Monthly company updates are great times to introduce and reflect on these value challenges. Making value challenges a consistent practice throughout the year helps employees come to expect them.
It’s also important to share the metrics you’ll be measuring with managers. By doing so, you can ensure everyone is on the same page, working to achieve the same things on the way to your collective goal.
Here are some examples of values-related challenges:
This is a big one right when employees return from the holidays. Last spring, BambooHR set a company goal to get 15 minutes of activity every workday, whether it was an outdoor lunch or a walking work meeting. It wasn’t until mid-November that we finally took down the volleyball net. When employees saw the benefits, we went beyond the required activity challenge and developed a culture of wellness.
Few problems distract employees like financial concerns. Developing a proactive approach to financial literacy for employees can keep today’s “I should save more” from becoming tomorrow’s personal crisis. Consider sponsoring a financial planning course for your employees and tracking attendance. Many benefit providers offer presentations on their program results; partnering with them can make it easier to measure program usage and get an idea of your employees’ financial health.

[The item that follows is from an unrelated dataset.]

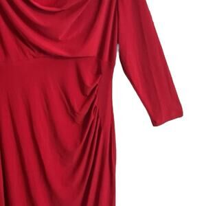 Chaps Women's Red Cowl Neck Ruched Sheath Dress Flattering 3/4 Sleeve -Size L
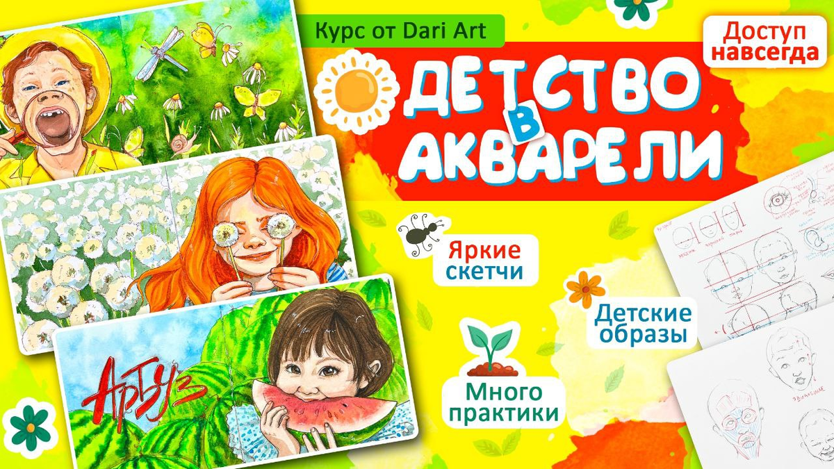 Особенности курса "Детство в акварели": 🧩 Новая структура курса: уроки по теории чередуются с практикой Изучаем тему, создавая зарисовки (например, особенности пропорций детского лица), а в следующем уроке закрепляем знания с помощью яркого скетча 🧩 Портрет и фигура в формате скетчей В курсе мы не стремимся к портретной точности и передаче сходства. Наша задача - уловить детские черты и пластику, подчеркнуть их, сделать ярче! Поэтому уроки курса подходят

Helping your employees develop good communication skills does more than make them more effective in your organization. Communication challenges could include exploring how to give and receive honest feedback, taking time each day to practice gratitude, and even seeking out opportunities for volunteer work with the organization’s blessing. As employees internalize these skills and apply them in other parts of their lives, they don’t just become more effective employees. They become better people.
If you develop HR resolutions to support your employees in their growth throughout the year, you can make the first part of January a true epiphany moment for your people—one where they can look at their experience with your organization and see a place where they want to stay, grow, and thrive.